Entries taken from a collection
++++++++++++++++++++

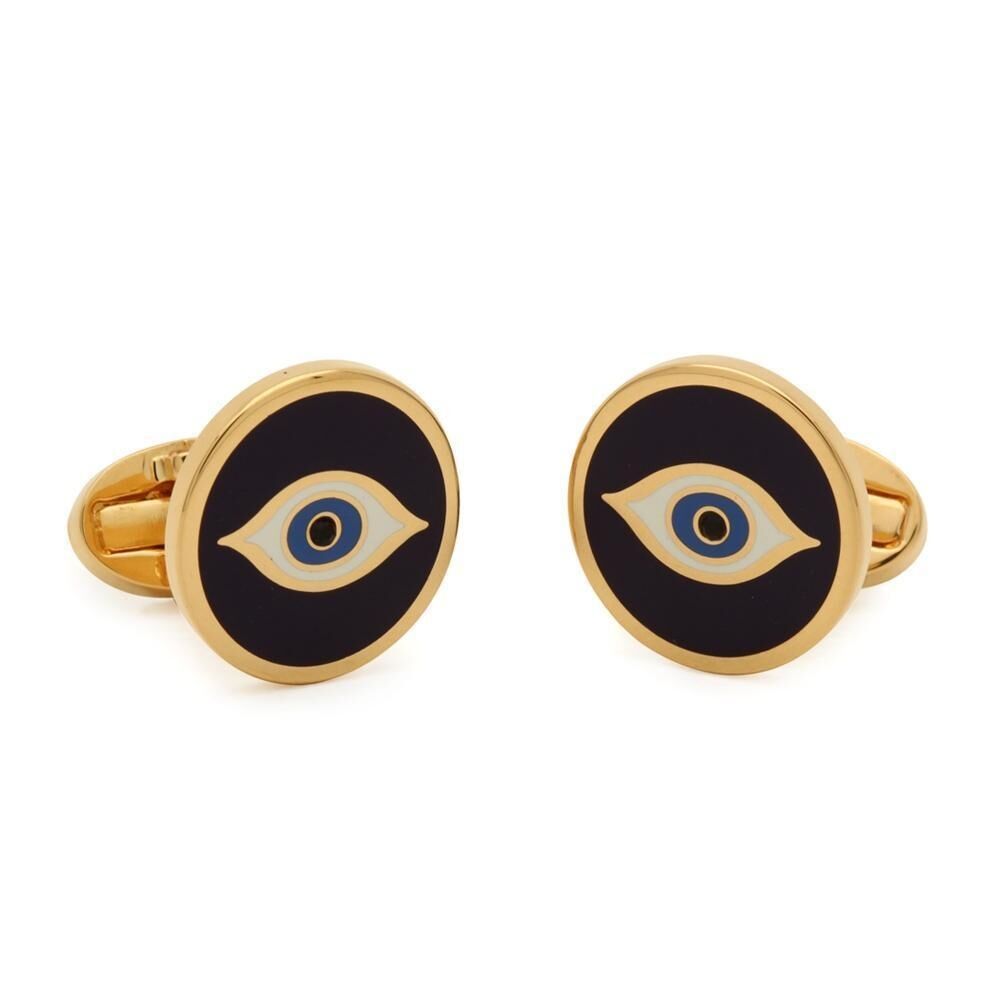 Yetenekli zanaatkarlardan oluşan ekibimiz tarafından elle işlenmiş bu çarpıcı kol düğmeleri 18 kt altınla kaplanmıştır ve gece mavisi bir arka plana karşı şık nazarlık tasarımımıza sahiptir.
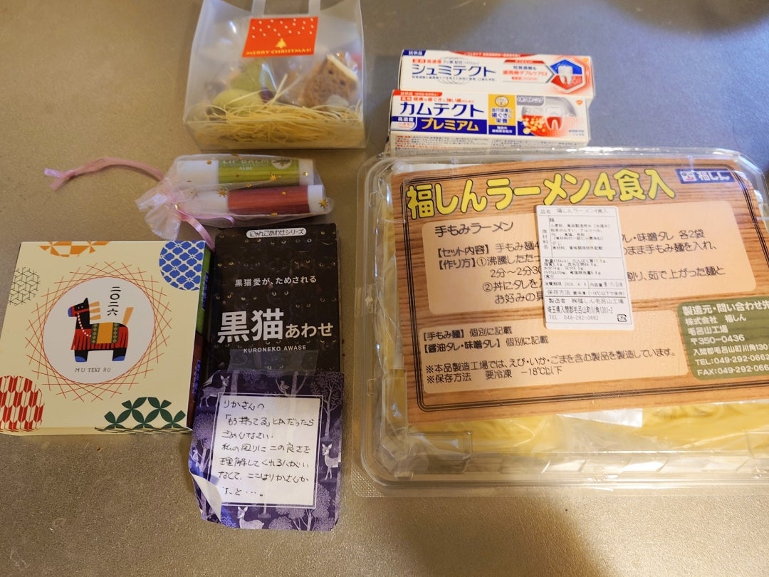 いつもご訪問&応援ありがとうございます♪ 本日‥いやもうこんな時間なので昨日ですね、で、2025年の本気の譲渡会全日程が終了しました。 1/5から日曜(&月・祝)開催は全てと、平日も3回参加したかな?東京ドーム2DAYSの翌日に声カスカスでとかもあったなw 参加頭数多そう&うちは子猫全部決まってるので猫は連れてってないのですが、暖炉のご近所にトライアル準備的な用事があったので顔出してきました。 で、左のお菓子はノエルのFさん上のお菓子とリップクリームは黒猫あわせはねこけんメンバーHさんラーメンと歯磨き粉はあすぱぱ。 行きより帰りの方が荷物が多いじゃないかー( ;∀;)皆さんありがとう( ;∀;)♡ さて。1年間本気の譲渡会出させてもらったお礼にIZさんに御神酒を捧げてきたのですが‥『ニャンこまルームの2025年本気の譲渡会ファイナル、結果はいかに』2025年本気の譲渡会ファイナルニャンこまルームからは7匹が参加しましたまず最も譲渡しやすいと一般的に思われるお虎ちゃん、つらら丸、雪丸くんはあまりにも強固な…ameblo.jp ここがもしなかったら、こんな風に良い空気が流れる居心地の良い空間じゃなかったらって、やっぱり思うわけです。譲渡会って主催者の"色"が出るものだと思うし。だからやっぱりお世話になって
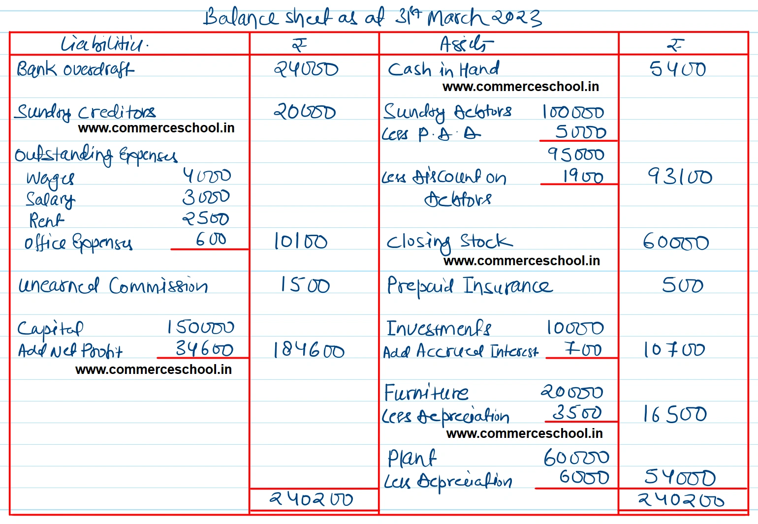 (1) Create a provision for Doubtful Debts @ 5% on Debtors and 2% for discount on Debtors.
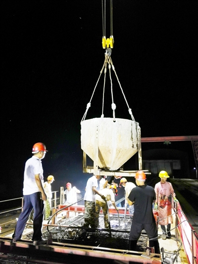 据南岸预制梁厂技术负责人肖鑫介绍,此次浇筑的箱梁属于赤壁长江公路大桥南岸接线左湖大桥预制小箱梁,梁长29.36米,顶板宽2.4米,底板宽1米,梁中高1.6米。
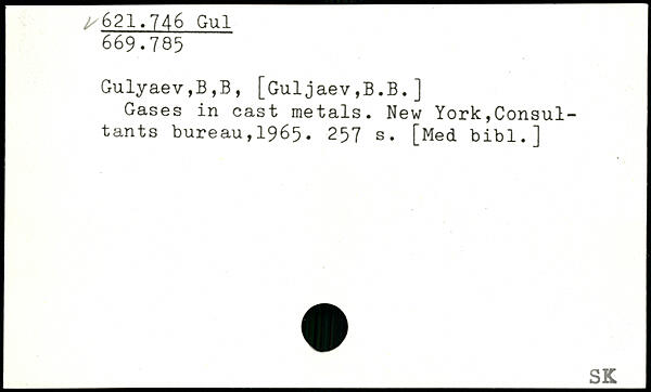 Gulyaev,B,B, [Guijaev,B.B.] Gases in cast metals.

++++++++++++++++++++

TASK DESCRIPTION
Give each record above back word for word, but carry over none of the pictures.

RESULT OF THE TASK
 Yetenekli zanaatkarlardan oluşan ekibimiz tarafından elle işlenmiş bu çarpıcı kol düğmeleri 18 kt altınla kaplanmıştır ve gece mavisi bir arka plana karşı şık nazarlık tasarımımıza sahiptir.
 いつもご訪問&応援ありがとうございます♪ 本日‥いやもうこんな時間なので昨日ですね、で、2025年の本気の譲渡会全日程が終了しました。 1/5から日曜(&月・祝)開催は全てと、平日も3回参加したかな?東京ドーム2DAYSの翌日に声カスカスでとかもあったなw 参加頭数多そう&うちは子猫全部決まってるので猫は連れてってないのですが、暖炉のご近所にトライアル準備的な用事があったので顔出してきました。 で、左のお菓子はノエルのFさん上のお菓子とリップクリームは黒猫あわせはねこけんメンバーHさんラーメンと歯磨き粉はあすぱぱ。 行きより帰りの方が荷物が多いじゃないかー( ;∀;)皆さんありがとう( ;∀;)♡ さて。1年間本気の譲渡会出させてもらったお礼にIZさんに御神酒を捧げてきたのですが‥『ニャンこまルームの2025年本気の譲渡会ファイナル、結果はいかに』2025年本気の譲渡会ファイナルニャンこまルームからは7匹が参加しましたまず最も譲渡しやすいと一般的に思われるお虎ちゃん、つらら丸、雪丸くんはあまりにも強固な…ameblo.jp ここがもしなかったら、こんな風に良い空気が流れる居心地の良い空間じゃなかったらって、やっぱり思うわけです。譲渡会って主催者の"色"が出るものだと思うし。だからやっぱりお世話になって
 (1) Create a provision for Doubtful Debts @ 5% on Debtors and 2% for discount on Debtors.
 据南岸预制梁厂技术负责人肖鑫介绍,此次浇筑的箱梁属于赤壁长江公路大桥南岸接线左湖大桥预制小箱梁,梁长29.36米,顶板宽2.4米,底板宽1米,梁中高1.6米。
 Gulyaev,B,B, [Guijaev,B.B.] Gases in cast metals.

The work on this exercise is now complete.